Just found some more Cabiria-related info: Pastrone apparently envisioned three versions of the 1914 film, each intended for a specific market (Italy, Europe and the United States). He also produced a fourth version that interpolated additional footage and embraced sound(!) in 1931. More information about these variations of Cabiria and the film's reconstruction, restoration and peservation can be found at Prestech Film Laboratories Limited's web site.
Andre posted some info on the film's reconstruction back in March at The Alternative Film Guide.
Posted by: Thom | 24 October 2006 at 09:36 AM
And I received an e-mail about Mt. Etna, the volcano that explodes at the beginning of the film, erupting again.
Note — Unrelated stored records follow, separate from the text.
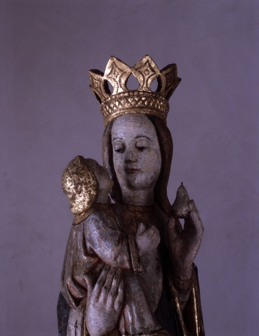 Statue de Vierge à l'enfant, détail des têtes.Immatriculation
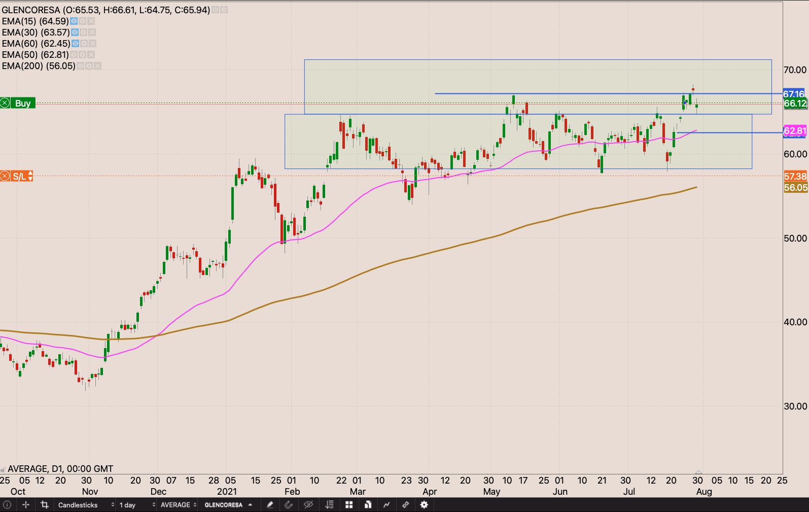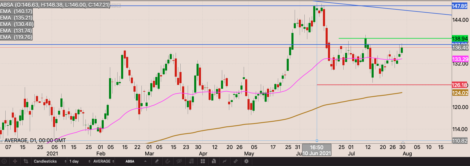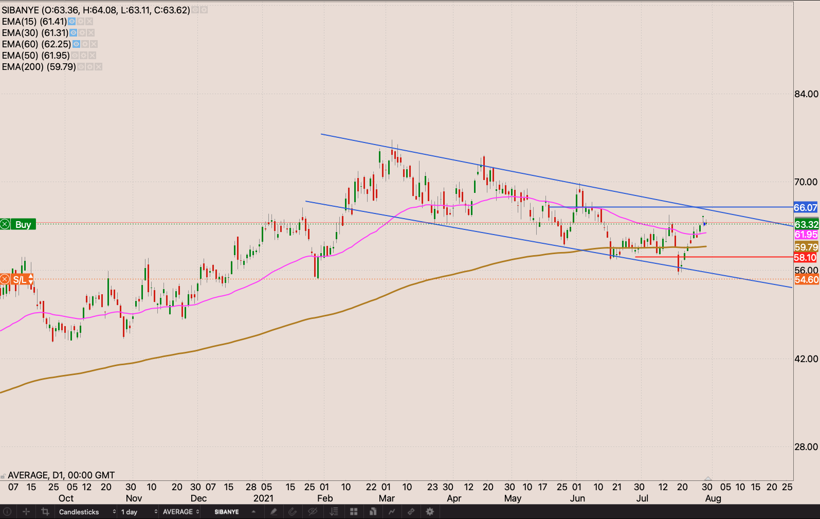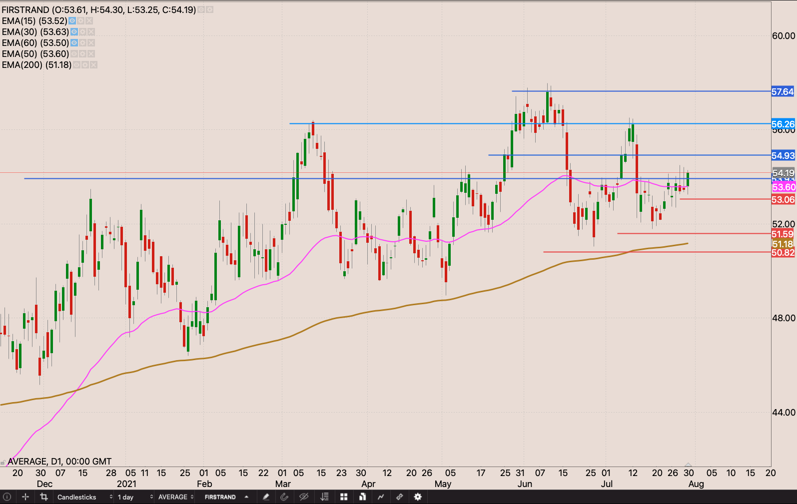 Banking stocks are starting to look good again. Buyers seem to have won the battle at the 50 day EMA. I’m going to start building my position at the open on Monday 2 August 2021. I’m going to buy 23 shares will an initial stop loss at R50.82. I’m also watching the following key levels R55, R56, and R57 to build the position. R50.82, R51.60, & R53 being defence prices on the way up
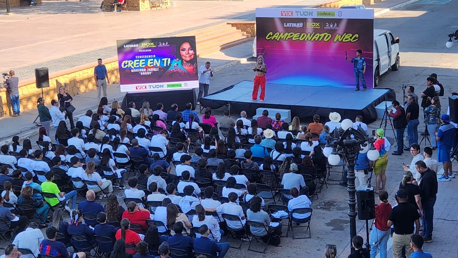 Guaymas, Sonora.- En una emotiva jornada marcada por la inspiración y el empoderamiento, la tetracampeona mundial de boxeo, Mariana “La Barby” Juárez, ofreció su conferencia “Cree en ti” en el Palacio Municipal de Guaymas, donde compartió con vecinos de la comunidad las experiencias que la han convertido en una de las figuras más icónicas del deporte mexicano.
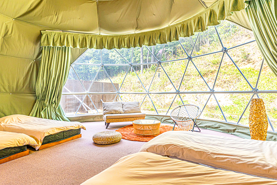 宿泊するのは、4ベッドを備えたファミリー向けドームテント。
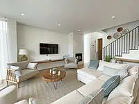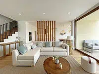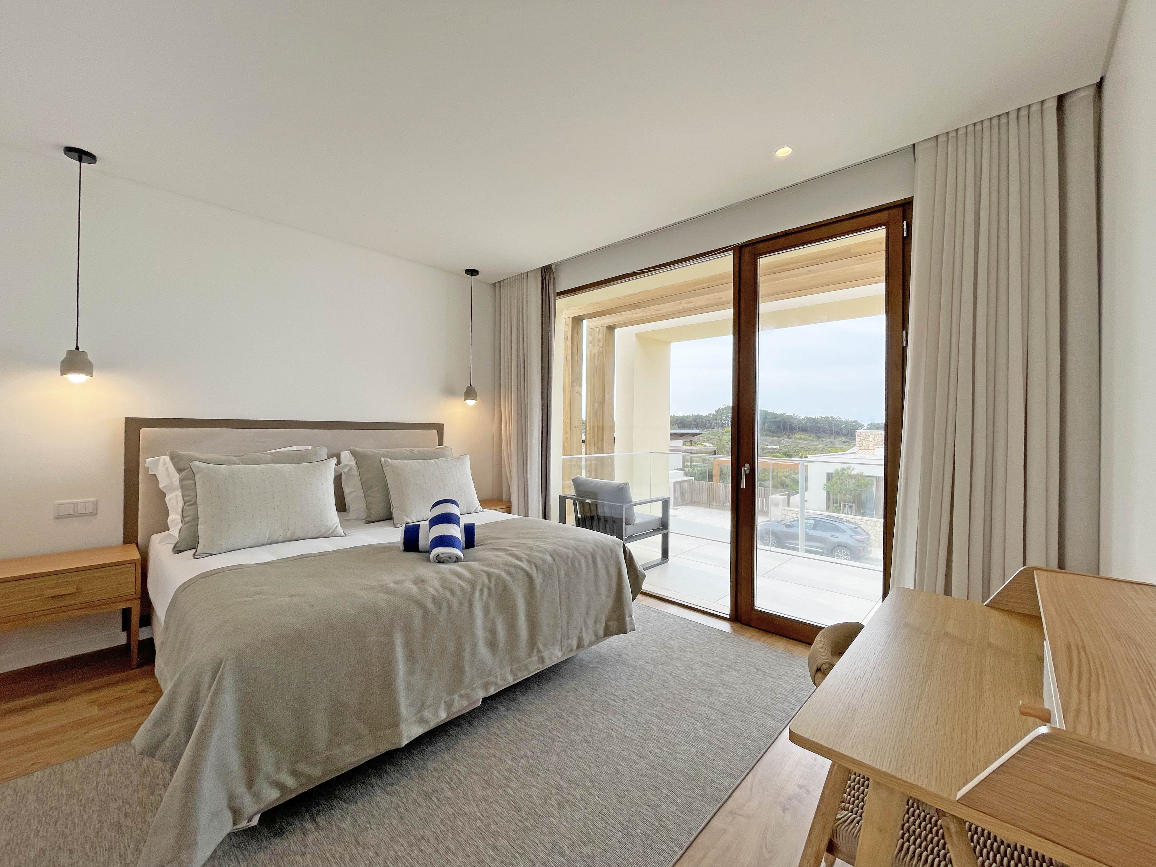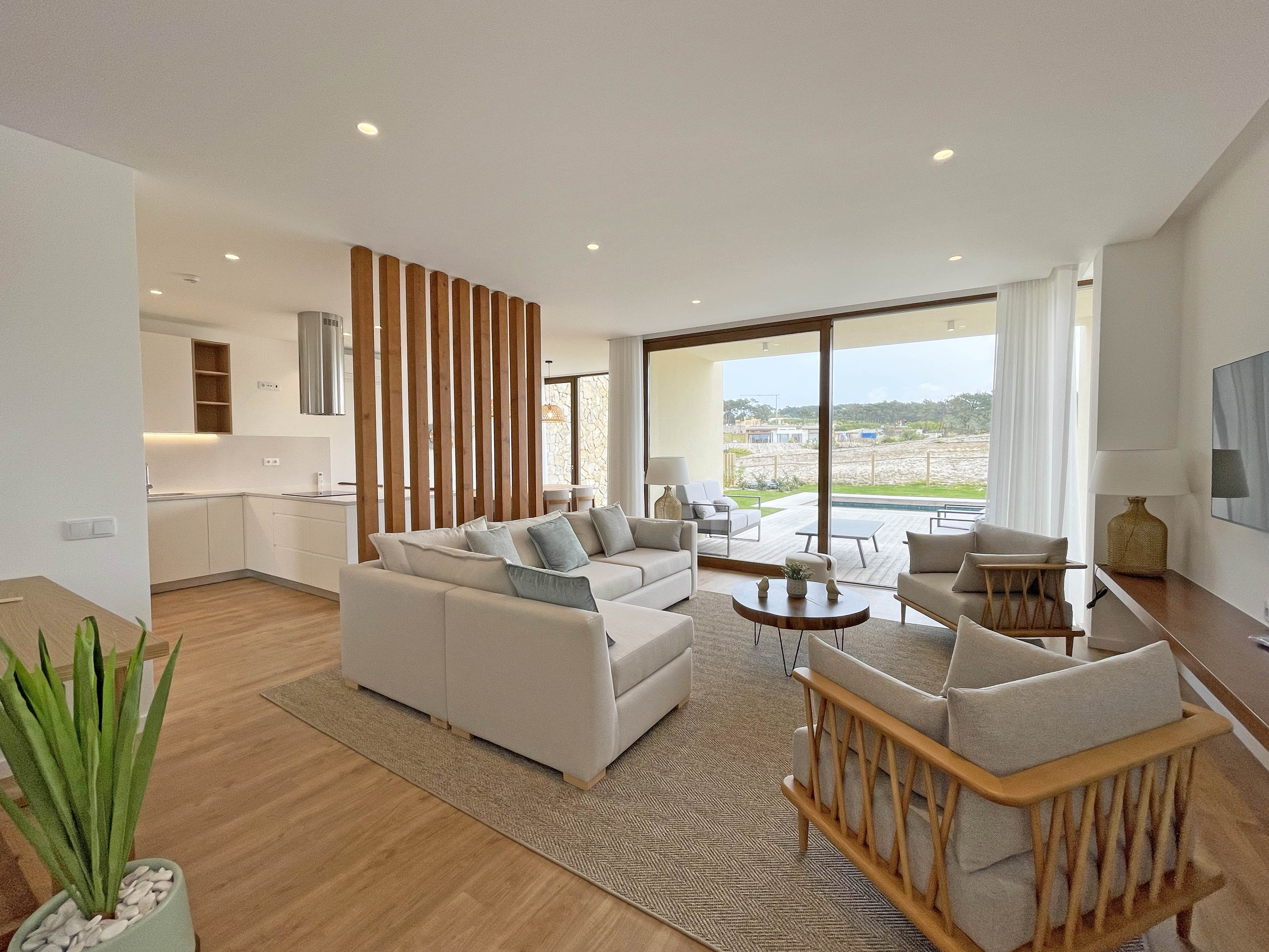 No rés-do-chão, a casa é composta por uma ampla sala, banhada em luz natural, com uma cozinha totalmente equipada que se abre para uma sala de estar com uma vista magnífica para o campo de golfe, o Oceano Atlântico e a piscina no jardim.
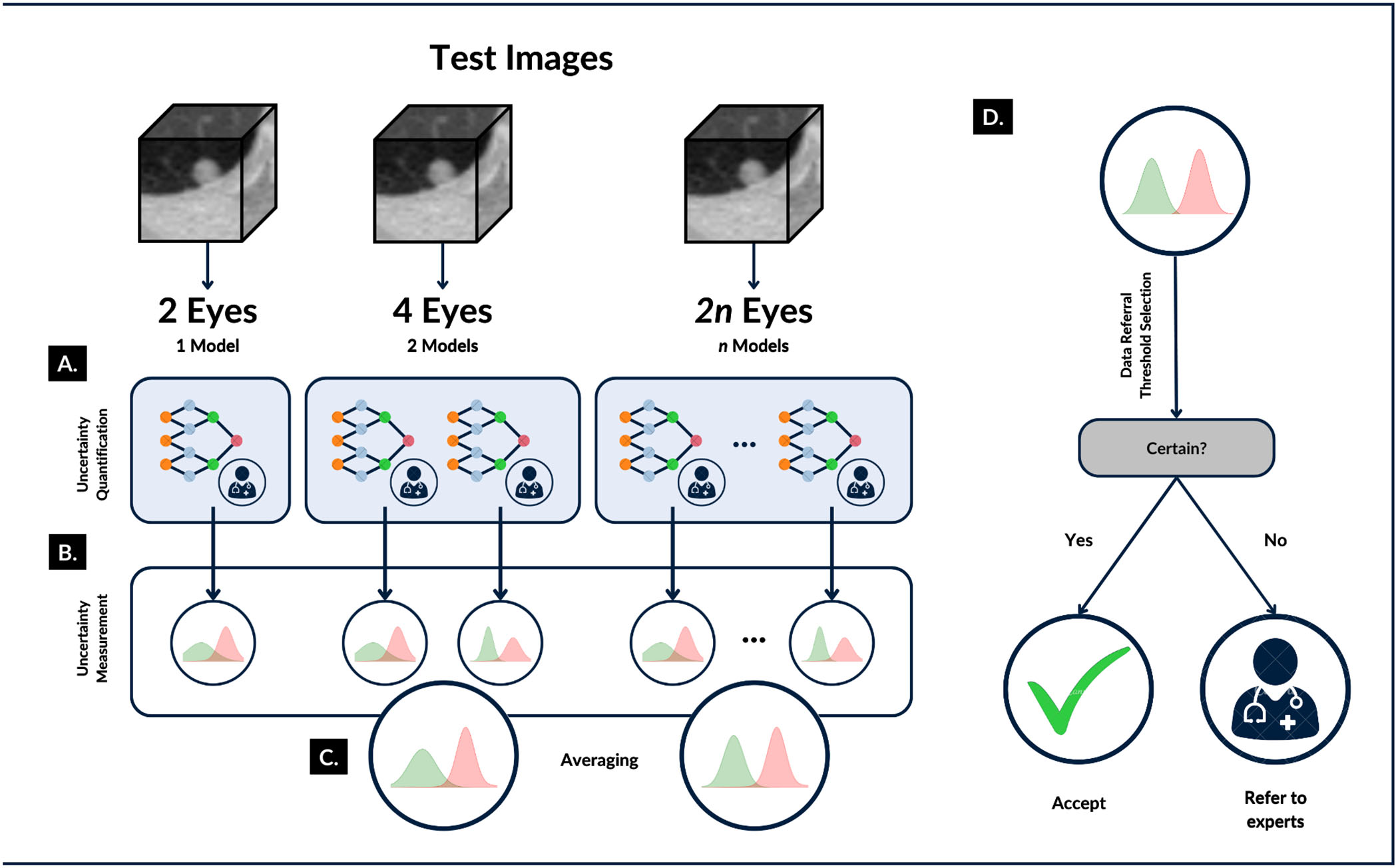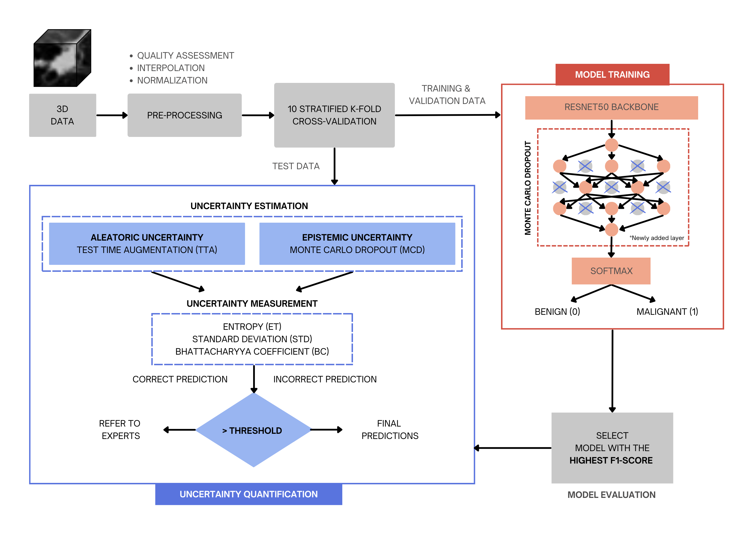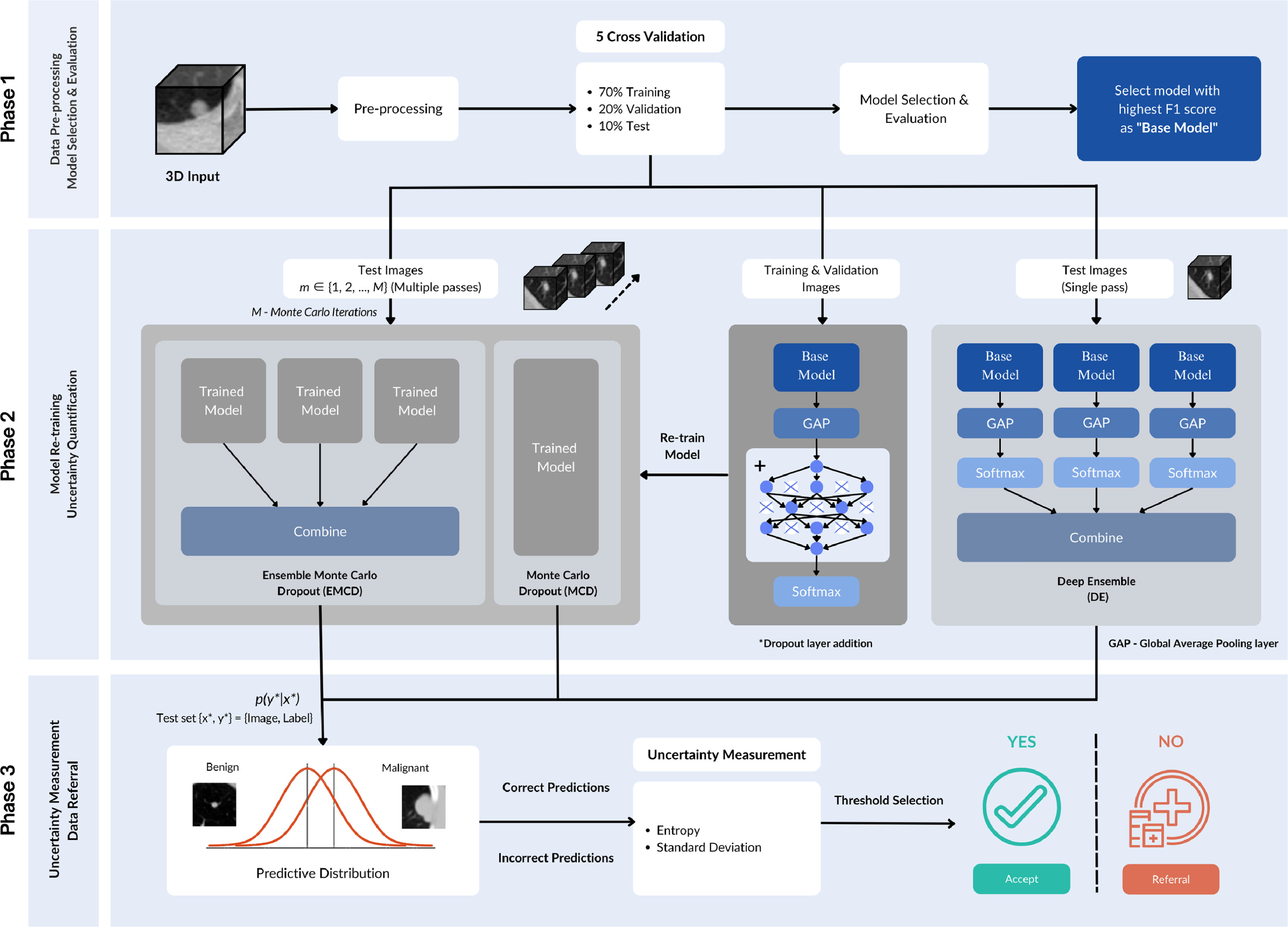 We propose an uncertainty-aware framework that includes three phases: data preprocessing and model selection and evaluation, uncertainty quantification, and uncertainty measurement and data referral for the classification of benign and malignant nodules using 3D CT images.
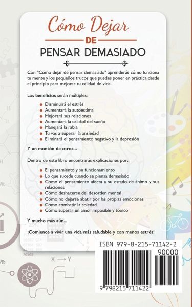LO QUE ESTÁS A PUNTO DE APRNDER PODRÍA CAMBIARTE PARA SIEMPRE Cómo dejar de pensar demasiado: ¡el libro que pone un freno al pensamiento intrusivo! ¿Cómo puedes calmar el incesante zumbido de fondo, controlar tus pensamientos y ponerte en el camino que deseas recorrer? ¿Cuántas veces te ha pasado que después de un largo día finalmente te metiste en la cama y no pudiste dormir porque tu mente estaba llena de pensamientos? Es una de las cosas más frustrantes, ¿verdad? ¿Y si te dijera que puedes poner freno a tu mente y eliminar el estrés y los pensamientos que no te permiten relajarte? Si tú también estás deseando que esto suceda, ¡tengo el libro para ti! Con "Cómo dejar de pensar demasiado" aprenderás cómo funciona tu mente y los pequeños trucos que puedes poner en práctica desde el principio para mejorar tu calidad de vida. Los beneficios serán múltiples:Disminuirá el estrés Aumentará la autoestima Mejorará sus relaciones Aumentará la calidad del sueño Manejará la rabia Tu vas a superar la ansiedad Eliminará el pensamiento negativo y la depresión Y un montón de otros... Dentro de este libro encontrarás explicaciones por:El pensamiento y su funcionamiento Lo que sucede cuando se piensa demasiado Cómo el pensamiento afecta a su estado de ánimo y sus relaciones Cómo deshacerse del desorden mental Cómo no dejarse abatir por las propias emociones Cómo combatir la soledad Cómo superar un amor imposible y tóxico Y mucho más aún... También descubrirás ejercicios para dejar de procrastinar y recuperar el control total de tu vida. Recuerde: su tiempo es demasiado valioso para ser desperdiciado con pensamientos tóxicos que no lo hacen vivir una vida serena y satisfactoria. Comience a vivir una vida más saludable y con menos estrés. ¡La paz mental que estás buscando está a un clic de distancia!
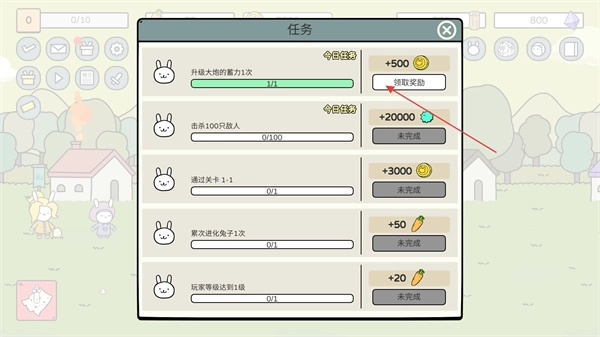 回到任务界面,点击领取奖励,就能获得升级大炮所需的1次蓄力奖励。
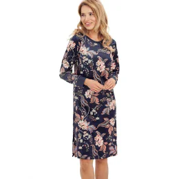 Nočná košeľa 3060 Venus TARO - tmavomodrá - z kvalitného velúru - s dlhými rukávmi - zdobená kvetinovou potlačou Zloženie materiálu: 94% polyester + 6% elastan

See an image here.
Posted by: Thom | 24 October 2006 at 09:39 AM
Welcome back, T.! This is a great review, and I love the film still with the leopard!
Posted by: jmac | 24 October 2006 at 11:01 AM
Thanks J. I'm glad that you like the post. Have you seen this? You might like the sequence inside the temple of Moloch - there's a mysterious shot with a hand doing a Roman-like salute surrounded by flames that reminded me of the avant-garde blogathon.
btw, the leopard drinks milk from that bowl a bit lethargically in the flick so our spotted friend is probably not a ferocious as he looks. Italia Almirante-Manzini (who plays Sophonisba) on the other hand . . .
Posted by: Thom | 24 October 2006 at 11:46 AM
No, I haven't seen this, Thom. That's why I read your site! :) Seriously, I love how you do all of the historical research for us!